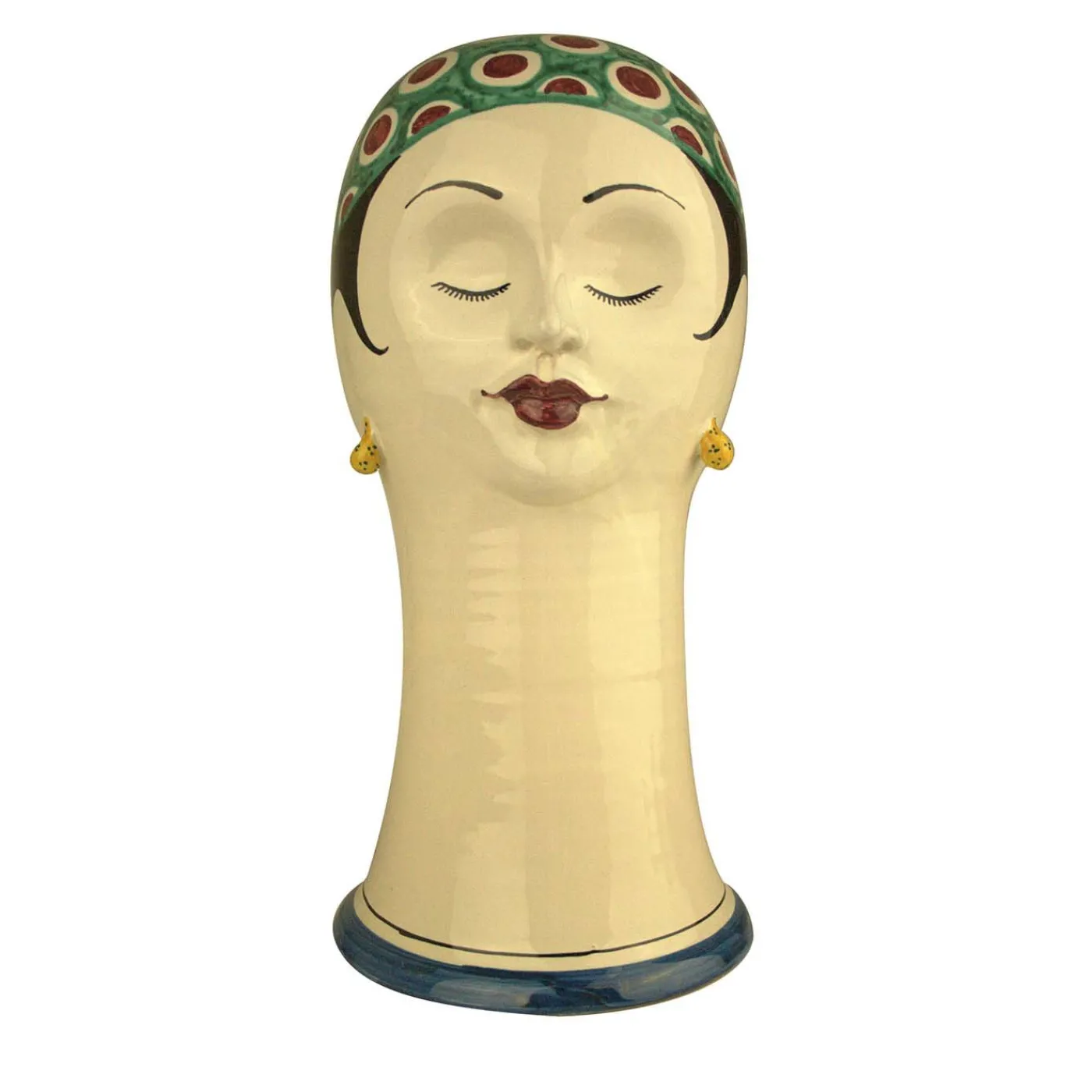 Questa splendida scultura di Alessandro Iudici fa parte di una serie di figure dal collo allungato rese ad arte in ceramica, lavorate al tornio e poi rifinite e dipinte a mano. Il titolo di questo squisito manufatto è “Nuotatrice”, contraddistinto dalla cuffia da nuotatore. I suoi lineamenti raffinati, il suo sorriso ipnotico e i suoi orecchini delicati creano un’immagine onirica che fungerà da accento poetico per un interno moderno o eclettico. Da sola o abbinata ad altri pezzi simili, questa scultura cattura l’attenzione e ipnotizza.
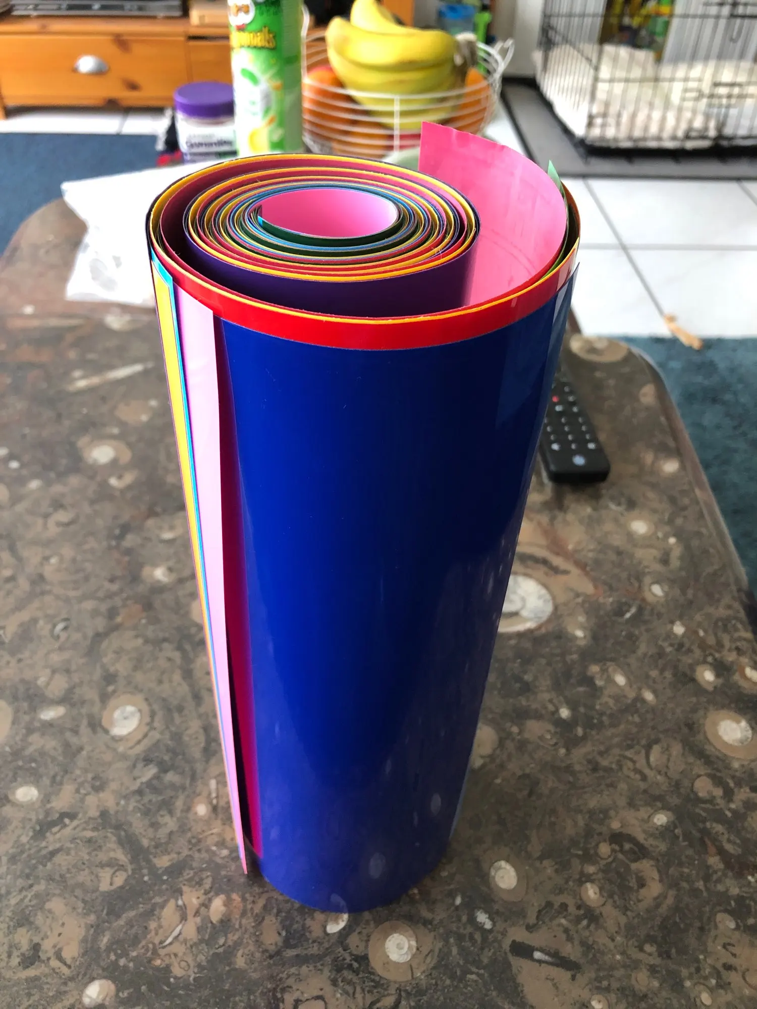 Все три цвета, которые я заказал, были в рулоне вместе. Это около двух или 3 футов каждого цвета. Отличная цена и качество на ощупь действительно хорошее. Я еще не использовал его, поэтому я не знаю, насколько хорошо он работает или остается на ткани, но, кажется, хорошее качество
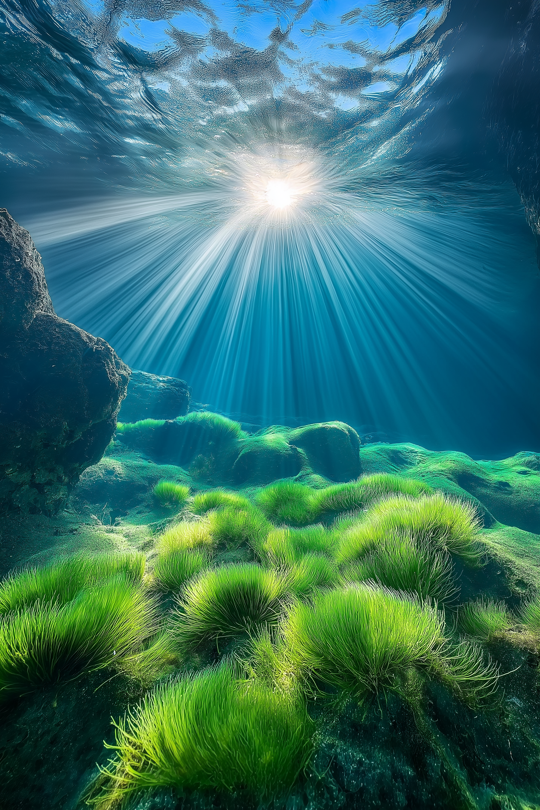 This image captures a beautiful underwater grass bed illuminated by sun rays streaming through the clear blue sea. The tranquil scene evokes a sense of peace and natural beauty as vibrant greens contrast with the cool blues of the water.

Your objective: The data must be repeated exactly. Any pictures in it are to be left out.

Output of the exercise:
 Questa splendida scultura di Alessandro Iudici fa parte di una serie di figure dal collo allungato rese ad arte in ceramica, lavorate al tornio e poi rifinite e dipinte a mano. Il titolo di questo squisito manufatto è “Nuotatrice”, contraddistinto dalla cuffia da nuotatore. I suoi lineamenti raffinati, il suo sorriso ipnotico e i suoi orecchini delicati creano un’immagine onirica che fungerà da accento poetico per un interno moderno o eclettico. Da sola o abbinata ad altri pezzi simili, questa scultura cattura l’attenzione e ipnotizza.
 Все три цвета, которые я заказал, были в рулоне вместе. Это около двух или 3 футов каждого цвета. Отличная цена и качество на ощупь действительно хорошее. Я еще не использовал его, поэтому я не знаю, насколько хорошо он работает или остается на ткани, но, кажется, хорошее качество
 This image captures a beautiful underwater grass bed illuminated by sun rays streaming through the clear blue sea. The tranquil scene evokes a sense of peace and natural beauty as vibrant greens contrast with the cool blues of the water.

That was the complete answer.